-- Exercise directions --
Every record needs to be repeated exactly; its pictures do not.

(Stored data entries)

******

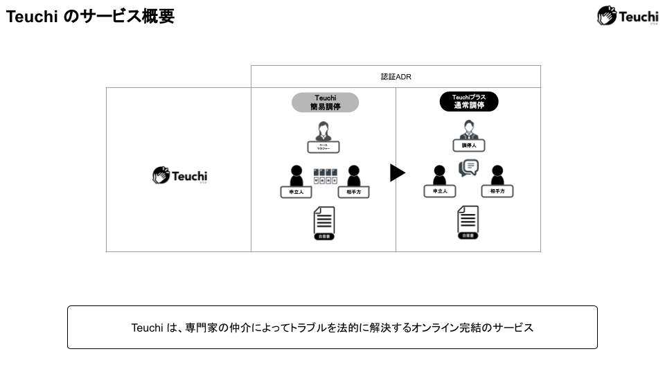 ※3 Teuchiは、2021年10月、テキストチャットによるオンライン完結の紛争解決サービスとして、国内で初めて法務大臣のADR認証を取得しています。
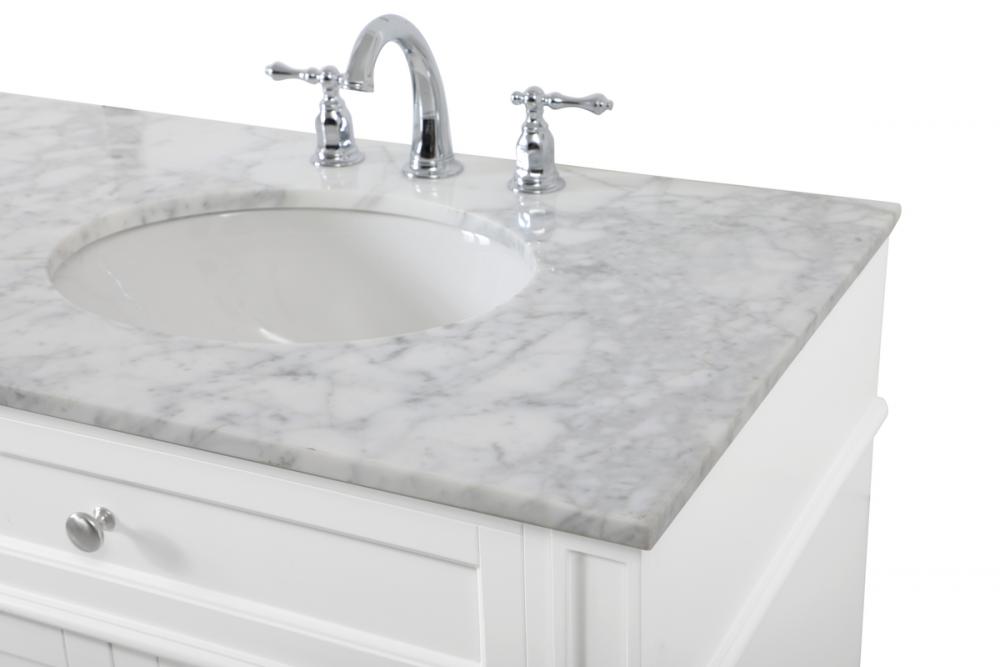 Comes with an undermount porcelain sink and a carrara white marble countertop
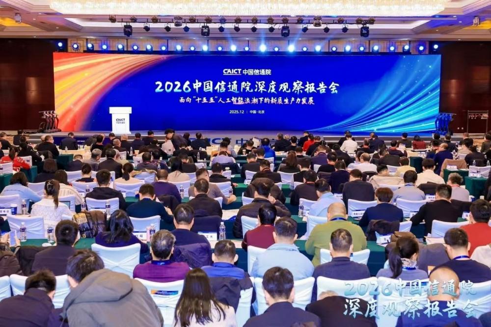 12月13日,2026中国信通院深度观察报告会主报告会在北京举办。本次报告会主题为 “面向“十五五”,人工智能浪潮下的新质生产力发展”。工业和信息化部党组成员、副部长张云明出席报告会并致辞,第十四届全国政协委员、工业和信息化部原副部长王江平,中国工程院院士邬贺铨分别作主旨报告。
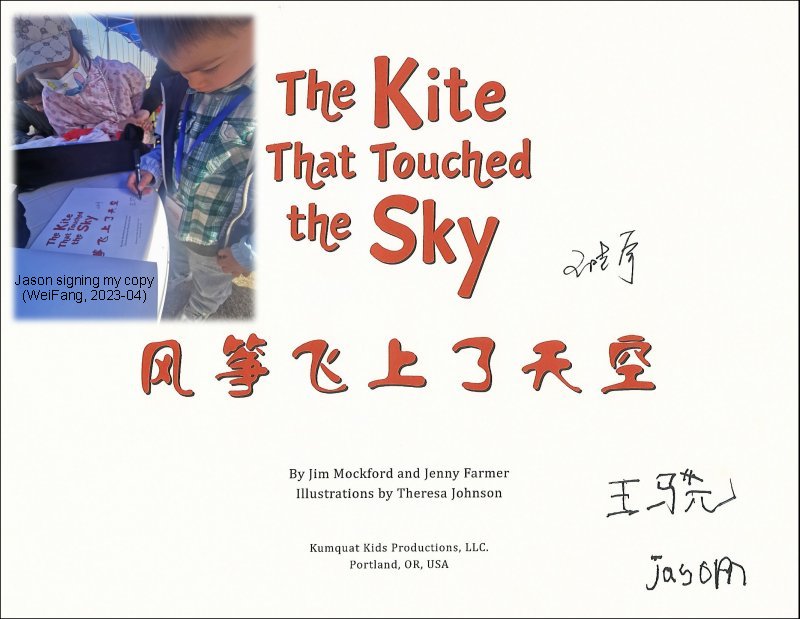 toddlers with kites. English-Chinese parallell texts; small
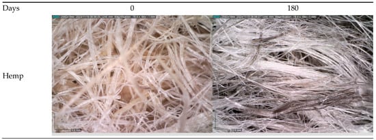 On the other hand, in the nonwoven mulch blends from jute and hemp with PLA fibers, the maintenance of the structure due to non-degraded PLA fibers is visible. The decrease in the density of nonwoven blends of jute (21.9%) and hemp (21.9%) mulches is less than that of mulches produced from 100% jute (27.0%) and hemp (36.1%) fibers. When considering the calculation of the density and the microscopic pictures of the mulches after ten months of exposure to field conditions, it can be concluded that the non-degraded PLA fibers in the jute and hemp mulch blends contribute to the maintenance of the structure.

******

-- Expected answer --
 ※3 Teuchiは、2021年10月、テキストチャットによるオンライン完結の紛争解決サービスとして、国内で初めて法務大臣のADR認証を取得しています。
 Comes with an undermount porcelain sink and a carrara white marble countertop
 12月13日,2026中国信通院深度观察报告会主报告会在北京举办。本次报告会主题为 “面向“十五五”,人工智能浪潮下的新质生产力发展”。工业和信息化部党组成员、副部长张云明出席报告会并致辞,第十四届全国政协委员、工业和信息化部原副部长王江平,中国工程院院士邬贺铨分别作主旨报告。
 toddlers with kites. English-Chinese parallell texts; small
 On the other hand, in the nonwoven mulch blends from jute and hemp with PLA fibers, the maintenance of the structure due to non-degraded PLA fibers is visible. The decrease in the density of nonwoven blends of jute (21.9%) and hemp (21.9%) mulches is less than that of mulches produced from 100% jute (27.0%) and hemp (36.1%) fibers. When considering the calculation of the density and the microscopic pictures of the mulches after ten months of exposure to field conditions, it can be concluded that the non-degraded PLA fibers in the jute and hemp mulch blends contribute to the maintenance of the structure.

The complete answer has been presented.